Read the comments for notes on a bug in recent releases of SOAP::Lite; please let me know if you hear of them getting fixed ;)
Tags: goog-love.pl, google, hacks, perl, scripts, searching, software

Yoav Shapira said,
March 2, 2006 @ 3:03 pm
Useful, thank you.
Justin said,
March 2, 2006 @ 4:03 pm
more useful now that I’ve uploaded it ;)
Sebastian Bergmann said,
March 2, 2006 @ 7:29 pm
Justin,
I don’t speak Perl, so I don’t know if
useprefix has been deprecated. if you wish to turn off or on the use of a default namespace, then please use either ns(uri) or defaultns(uri) at /usr/lib/perl5/vendor_perl/5.8.8/SOAP/Lite.pm line 858, <> line 31029.

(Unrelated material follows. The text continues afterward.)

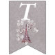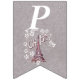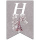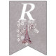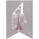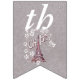 Esta bandeira moldada com banner de aniversário feliz é uma cinza clara com uma ilustração da torre Eiffel na França cercada por flores margaridas brancas com o texto Oh, Paris. Personalize o ano de aniversário com os modelos.
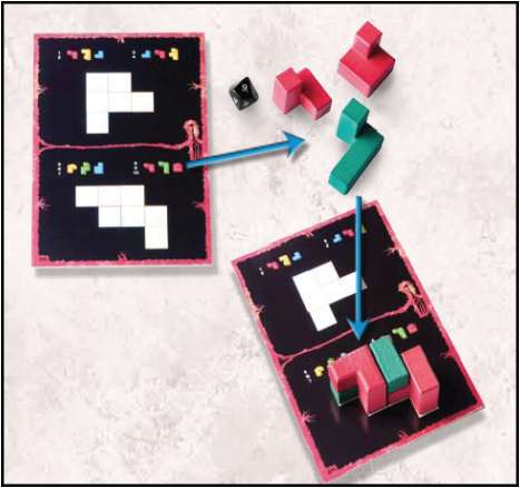 Simultaneously, each player should use their shapes to attempt to completely cover the appropriate white spaces exactly two levels high. No part of any shape should be outside the white spaces nor should any shape be higher than 2 levels.

is a problem within your code or with my system’s Perl installaion.
Justin said,
March 3, 2006 @ 10:30 am
Sebastian –
It looks like this is a bug in the latest version of SOAP::Lite (0.67); if you google for [useprefix SOAP::Lite defaultns] there’s quite a few reports including:
http://rt.cpan.org/Public/Bug/Display.html?id=16780 http://rt.cpan.org/Public/Bug/Display.html?id=16898
I would suggest maybe downgrading to an earlier version, if you can — perhaps using the distribution copy via “apt-get” instead of loading it via CPAN.
disappointing! sorry about that! Damn external dependencies — live by the CPAN, die by the CPAN ;)
Yoav Shapira said,
July 13, 2006 @ 2:53 pm
SOAP::Lite v0.68 seems to work fine out of the box.